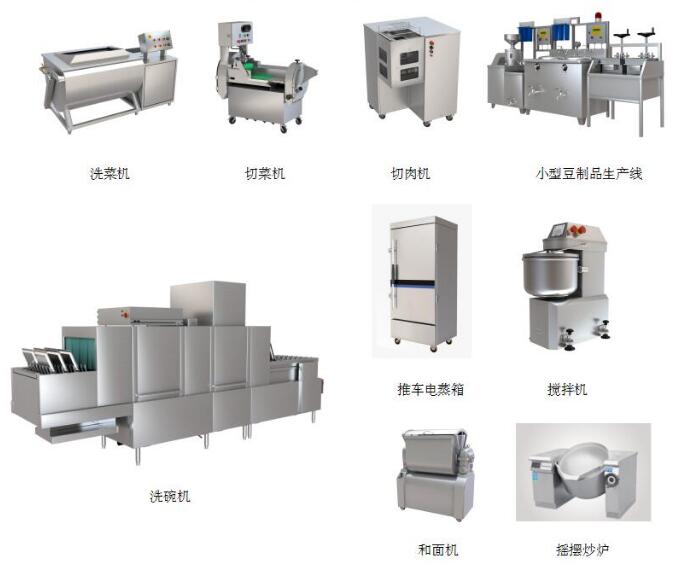 同時我們配置專業設備,提高生產效率,降低勞動強度,節約人力成本。洗菜機、切菜機、切肉機、豆腐機、和面機、攪拌機、推車電蒸箱、搖擺炒爐、自動炒菜機、洗碗機等,可以說廚房里幾乎每一項工作都有相應的專業設備來代替人工,滿足您的生產需求,我們也會根據客戶需求和實際情況推薦適合的設備。
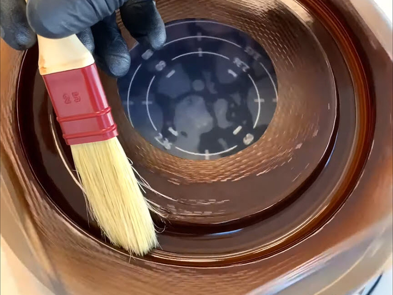 輪盤主體以木桌為架構(gòu),暗色透亮的咖啡色,恰好能用巧克力來表現(xiàn)!接著,呈現(xiàn)木頭上漆後光滑的小技巧,是在模具注入其他食材前,刷一層巧克力、油脂,再以食材進行填滿,如此可以更輕鬆脫模、不會沾黏模具,成品外觀也會更光滑完整。
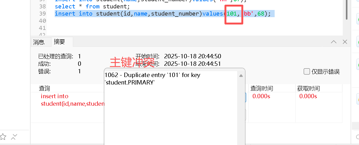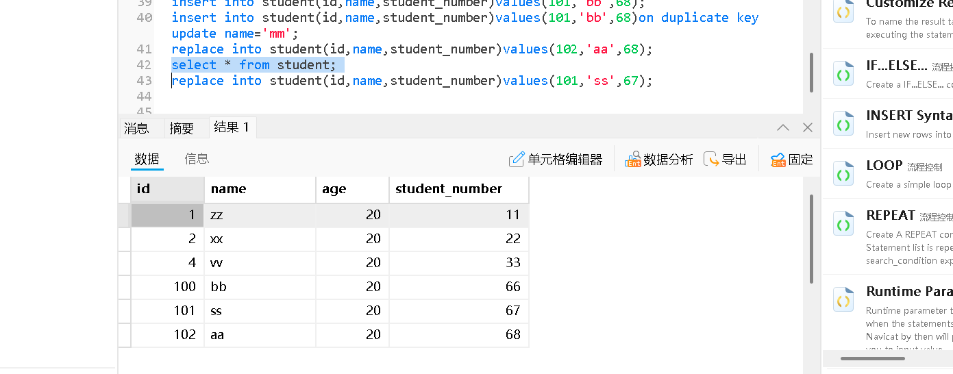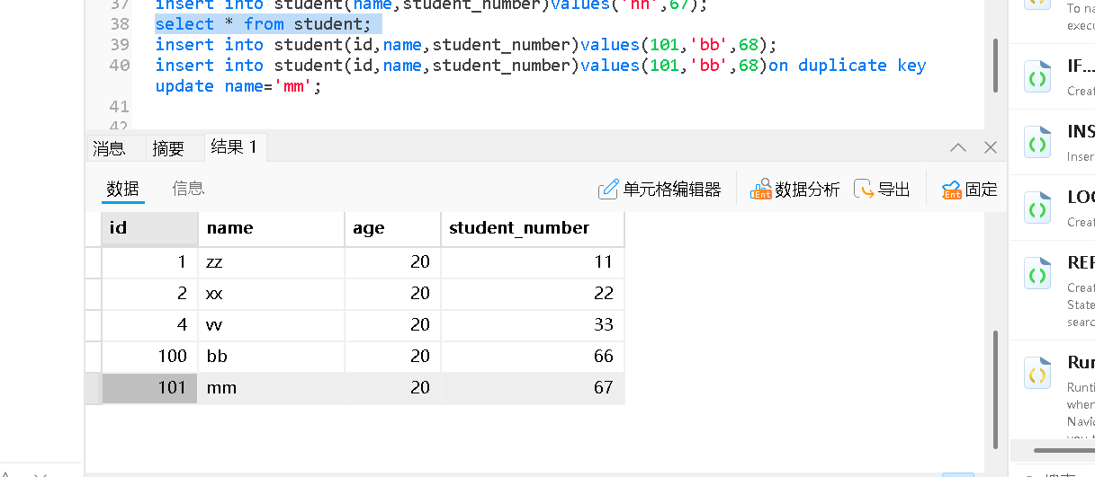 insert into student(id,name,student_number)values(101,'bb',68)on duplicate key update name='mm';
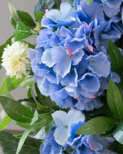 - presenta hortensias y crisantemos
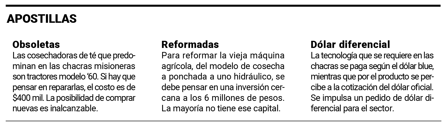 “Los productores de té, lo mismo que algunos yerbateros de Misiones, trabajan con tractores que están por encima de los 45 o 50 años de antigüedad y es imposible llegar a una cosechadora nueva por el elevado costo”, contó en tanto otro productor primario, Fabián Laban.
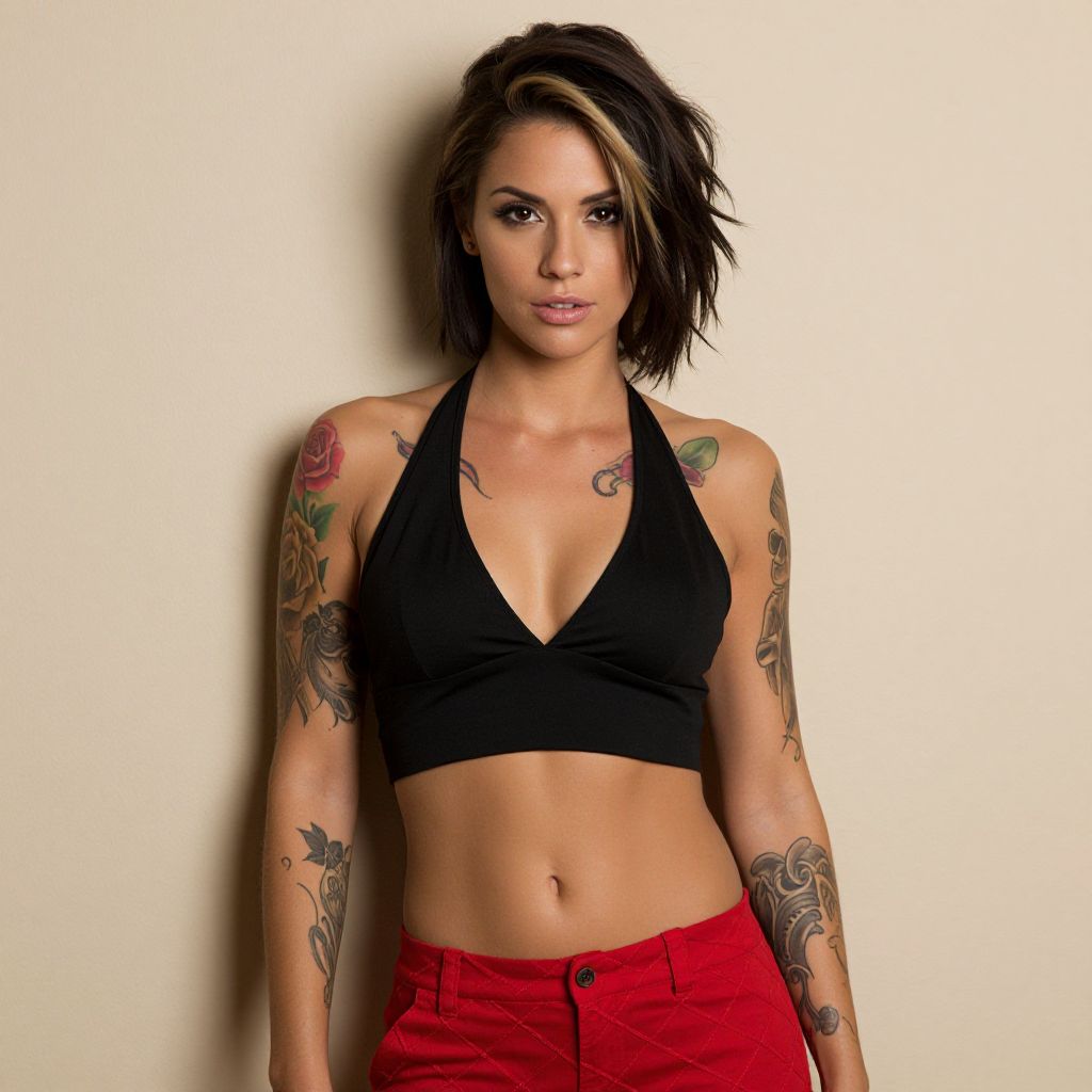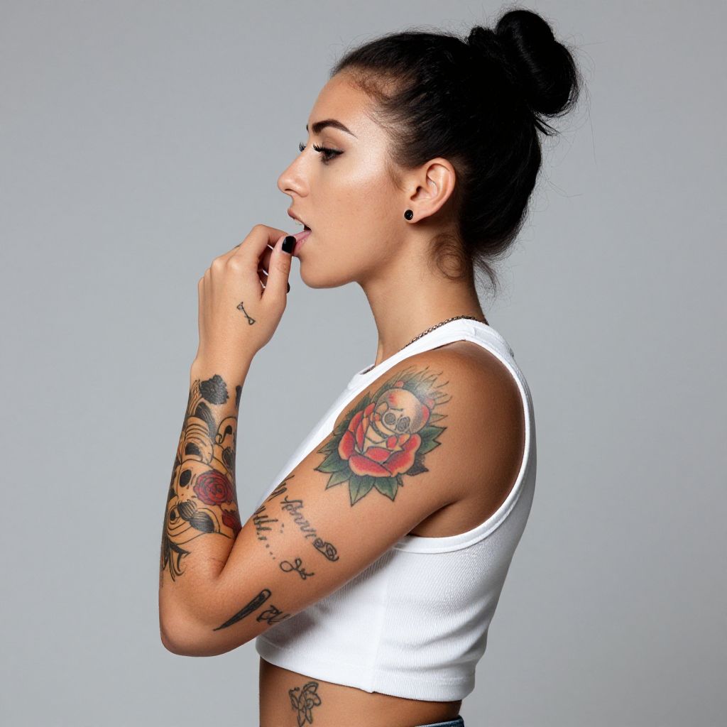 Photograph of a tattooed woman with light brown skin and dark hair in a bun, standing side profile against a gray background. She's wearing a white cropped top and has colorful tattoos on her arms, including a rose, skull, and script on her hand. She's biting her black-painted finger, showing off her ear gauges and confident look.
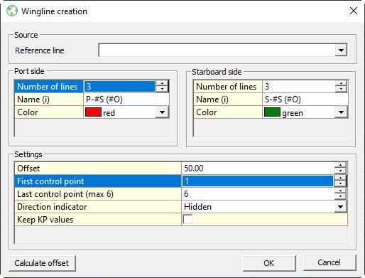 The Wingline creation dialog opens, where you can enter the settings for creating lines to port and starboard of the selected line/polyline:
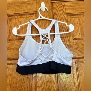 Stay comfortable and stylish with this women's sports bra. Featuring a sleek white design with a contrasting black band, it is perfect for any workout. Enjoy the support and style you need.
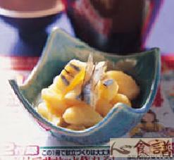 (3)将嫩姜芽的盐水沥干并用冷开水洗净,再次彻底沥干水份,加入调味料(2)及黄金针鱼,冷藏腌渍约3∼4小时待其入味后即可食用,冷藏约可保存1週。
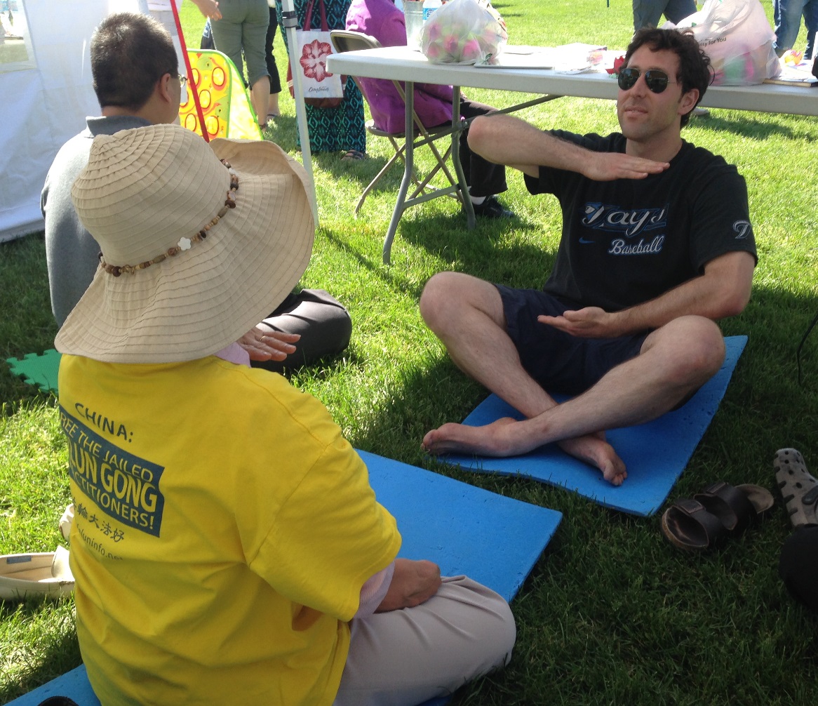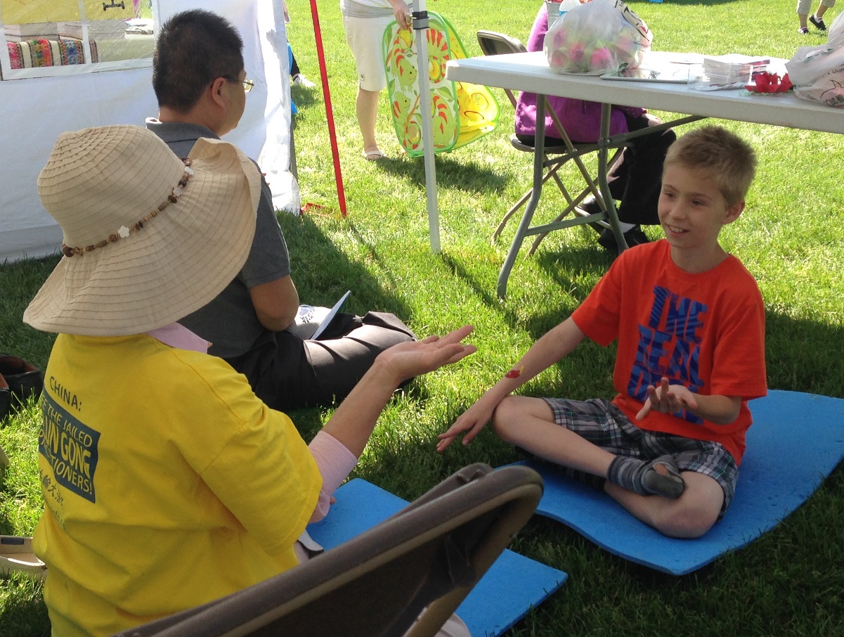 ![]() 法轮功学员正在跟前来参加文化节的民众讲述法轮功的真相。 |

Problem description ::
Skip every picture, and give the rest of the material above again exactly.

Exercise result ::
 同時我們配置專業設備,提高生產效率,降低勞動強度,節約人力成本。洗菜機、切菜機、切肉機、豆腐機、和面機、攪拌機、推車電蒸箱、搖擺炒爐、自動炒菜機、洗碗機等,可以說廚房里幾乎每一項工作都有相應的專業設備來代替人工,滿足您的生產需求,我們也會根據客戶需求和實際情況推薦適合的設備。
 輪盤主體以木桌為架構(gòu),暗色透亮的咖啡色,恰好能用巧克力來表現(xiàn)!接著,呈現(xiàn)木頭上漆後光滑的小技巧,是在模具注入其他食材前,刷一層巧克力、油脂,再以食材進行填滿,如此可以更輕鬆脫模、不會沾黏模具,成品外觀也會更光滑完整。
 insert into student(id,name,student_number)values(101,'bb',68)on duplicate key update name='mm';
 - presenta hortensias y crisantemos
 “Los productores de té, lo mismo que algunos yerbateros de Misiones, trabajan con tractores que están por encima de los 45 o 50 años de antigüedad y es imposible llegar a una cosechadora nueva por el elevado costo”, contó en tanto otro productor primario, Fabián Laban.
 Photograph of a tattooed woman with light brown skin and dark hair in a bun, standing side profile against a gray background. She's wearing a white cropped top and has colorful tattoos on her arms, including a rose, skull, and script on her hand. She's biting her black-painted finger, showing off her ear gauges and confident look.
 The Wingline creation dialog opens, where you can enter the settings for creating lines to port and starboard of the selected line/polyline:
 Stay comfortable and stylish with this women's sports bra. Featuring a sleek white design with a contrasting black band, it is perfect for any workout. Enjoy the support and style you need.
 (3)将嫩姜芽的盐水沥干并用冷开水洗净,再次彻底沥干水份,加入调味料(2)及黄金针鱼,冷藏腌渍约3∼4小时待其入味后即可食用,冷藏约可保存1週。
 ![]() 法轮功学员正在跟前来参加文化节的民众讲述法轮功的真相。 |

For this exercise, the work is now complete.